A su espalda, Ramón oye que se abre la puerta y el intenso perfume que invade la habitación y el ruido del taconeo le dicen de forma inconfundible que se trata de su tía.

"Mi amor, me voy para la oficina, dame un beso" -- le dice Mimí

Ramón se vuelve boca arriba y el palo, liberado, latiguea, escupiendo una rociada de pre semen, hasta situarse tieso y vertical.

"Hmmm, vaya sabrosura, veo que te sigue poniendo el ganado casero! Qué pena que me estén esperando, porque está para comérsela cariño" -- dice Mimí limpiándose con el dedo unas gotas que le han caído en la cara y llevándose el néctar a los labios. - "Y tu golfa, cómo te estas poniendo eh?" -- largando un cachete al culo a Svetlana.

"Un beso tía, no me tardo" -- contesta el sobrino.

"No pierdas mucho tiempo con esta zorra, que tienes otros culitos por atender hoy, jaja! Y tú, zorra, a la tarea con el masaje, cuídalo bien y polvos si acaso solo uno para que descargue la calentura contigo, so guarra, y ya basta" -- se despide la tía, ignorante de que en la cocina hay otros tres carnosos y húmedos coños ansiando ser agasajados, y se acerca a la puerta.

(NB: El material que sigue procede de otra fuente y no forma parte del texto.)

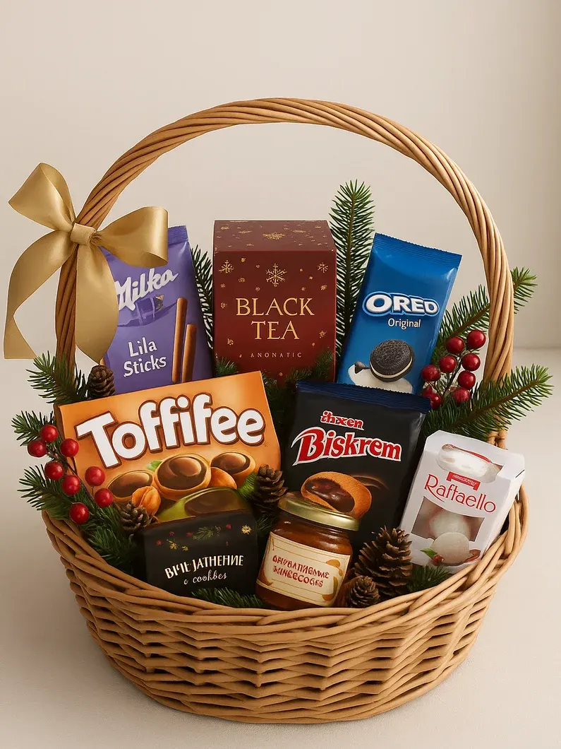 Состав: корзина, иликс, 5 шишек, лапа, Milka палочки, чай (типа Basilur), Oreo, Тофики, Бискрим, Raffaello, конфеты вишня в шоколаде, апельсиновое варенье.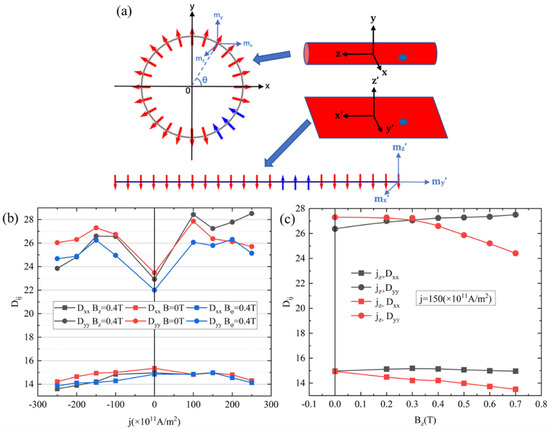 We first investigated the influence of spin-polarized current density on under different external fields. Figure 6b indicates that was very slightly affected by current density, whereas was significantly affected. Once the applied current density was greater than the threshold (pinning current ), increased significantly regardless of whether the direction of the current was z+ or z−. In addition, when the external magnetic field was along the axial direction, the degree of the asymmetry of in opposite current directions was the highest (the imparity between the maximum value and the minimum value was around 20%), whereas the one in the other two cases was less than 8%. In order to further study the influence of the axial external magnetic field on dissipation tensor , we fixed the current density at , and changed the intensity of the axial magnetic field. The results (Figure 6c) are very similar to the effect of the magnetic field strength on the skyrmion velocity (Figure 3). When the direction of the driving current was antiparallel to the magnetic field, , especially , decreased obviously with the increase in the magnetic induction; when the direction of the driving current was the same as the magnetic field, remained basically unchanged whereas increased slightly with the magnetic induction. As for , the results of all numerical calculations were in the interval of (−1, 1), and there was no obvious regularity. Finally, we substituted the calculated dissipation tensor in each case into Equation (6) to obtain the theoretical value of skyrmion velocity (plotted with solid line in Figure 2) solved by the Thiele function, which was highly consistent with the micromagnetic simulation results shown in the previous section.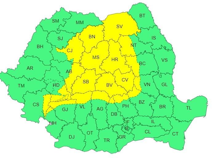 O altă avertizare cod galben vizează intervalul 12 februarie, ora 18.00 – 13 februarie, ora 22.00. În cea mai mare parte a Transilvaniei și în nord-vestul Moldovei, precum și în zonele montane aferente va ploua și se vor acumula cantități de apă de 25...30 l/mp, iar izolat de 50 l/mp. La altitudini mai mari de 1500 m, îndeosebi pe parcursul zilei de marți (13 februarie) în Carpații Orientali și în Carpații Meridionali vor predomina ninsorile și se va depune strat de zăpadă, local consistent.
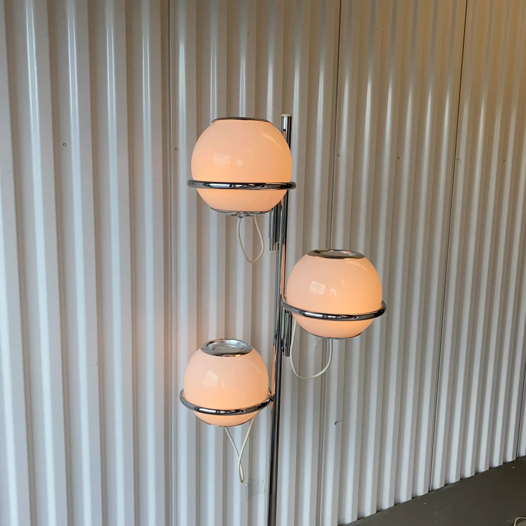 60s Reggiani Three Orb Chrome and Marble Floor Lamp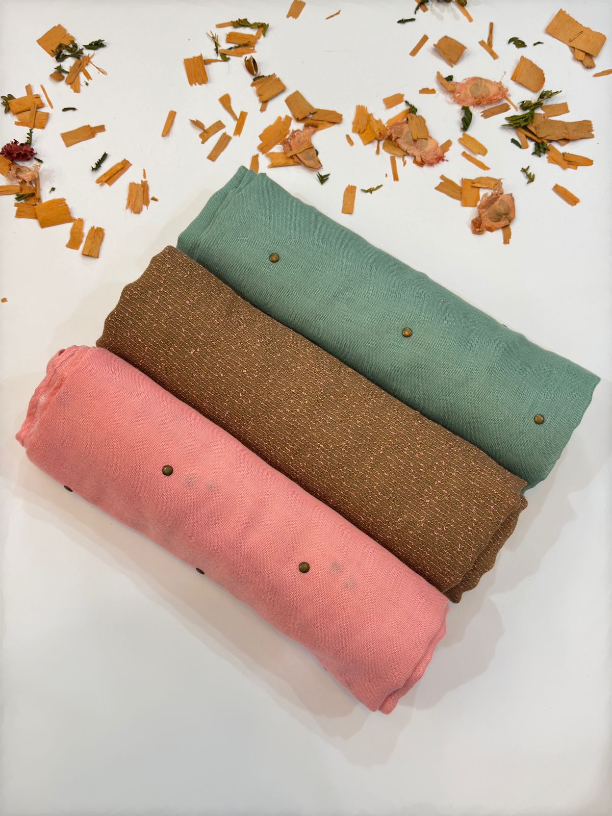 Mint green metal studded, Textured Lawn hijab and Coral Pink Metal studded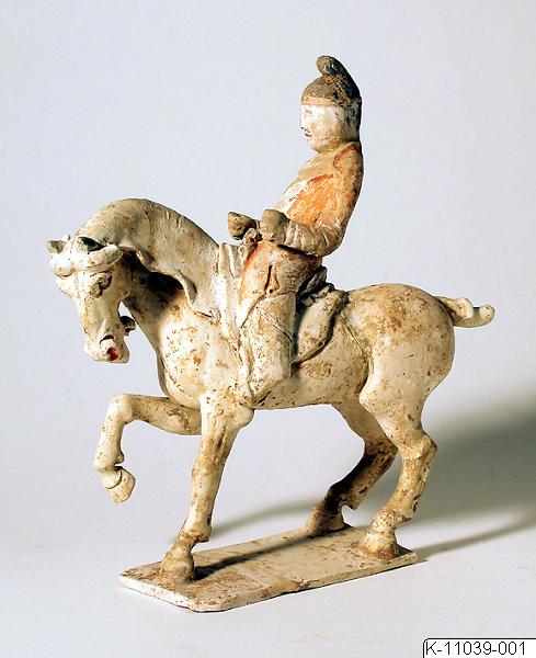 • Ämbetsman till häst. Ämbetsmannen är klädd i röd rock, stövlar och huvudbonad. Rektangulär bas. Ljust lergods med spår av röd och svart bemålning.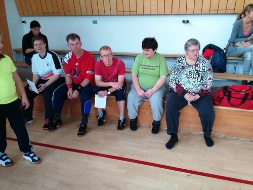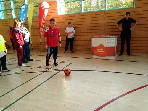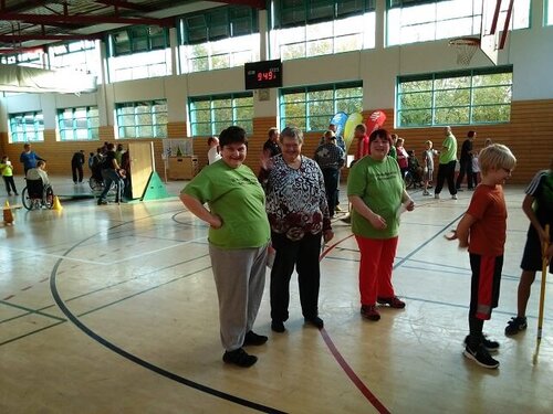Eine besondere Herausforderung war für unsere Teilnehmenden der Rollstuhlparcours. So stellte sich das öffnen einer Tür im Rollstuhl sitzend, als ziemlich anstrengende Aufgabe heraus, zumal sich die Tür auf einer kleinen Anhöhe befand. Alle Teilnehmer haben mit viel Freude und großem körperlichen Einsatz an allen Stationen ihre Punkte erhalten.Zum Ende beschwingten sich alle Sportfreunde noch mit einer Polonaise durch die ganze Halle.

Ramón insiste meloso agitando la verga con la mano y acariciándose los testículos.

"Tía, querida, seguro que no quieres irte con el gusto de este cargamento en la boca? Sabroso y abundante!!!"

"Que no niño, no me tientes, malvado, que sabes que soy débil contigo y te aprovechas, pero es que voy con prisa. Ale, hasta luego amor" -- se despide definitivamente la tía.

Cuando la tía desaparece Svetlana se arrodilla entre las piernas de Ramón y le masajea las piernas, en la parte interior de los muslos, en las ingles. Mientras tanto mira embriagada, como en adoración, la tranca descomunal de Ramón.

Suena el teléfono. Lo coge Ramón.

"Hola cariño! Que tal dormiste hoy?" -- suena la voz de , su novia.

"Bien corazón, pensando en ti. Y tú que tal mi amor?"

"Soñando contigo mi pichoncito. En la cama con un camisón muy sexy que me gustaría que ya estuviéramos casados para que me lo pudieras ver. Es muy picante!"

"No sabes cómo espero que llegue ese día!" -- dice Ramón, y tapando el auricular le dice a Svetlana que se la vaya chupando.

"No seas impaciente, que pronto llegará nuestra boda, mi príncipe azul, y entonces seré toda tuya!"

"A mi sabes que me basta saber que estaré a tu lado, mi palomita!"

"Pues un besito, cariño, que quedé en la peluquería"

"Un besito, cielo"

Terminada la llamada, Svetlana se sienta sobre sus piernas. La verga le da en el abdomen. Así le masajea el vientre y el musculoso pecho. Finalmente sube algo más e intenta calzarse la verga. Pero el amo no se lo permite. Quiere verla encenderse un poco más, hacerla sufrir de deseo. De forma que ella se monta sobre el miembro, como sobre una barandilla, y se pone a mover rítmicamente las caderas para restregarse el coño contra esa tranca tan dura. Así le masajea los hombros y la cara. La asalta un nuevo orgasmo con alaridos desenfrenados en su idioma. Ramón la permite disfrutarlo hasta que finaliza su arrebato, y luego, la echa a un lado, pues es el momento de averiguar que buenas sorpresas le aguardan en la cocina.

"Vete a la cocina y di a tus colegas que en cuanto termine una llamada a la oficina me paso a daros un repasito" -- le dice Ramón a la criada. Y ella sale disparada con la comanda.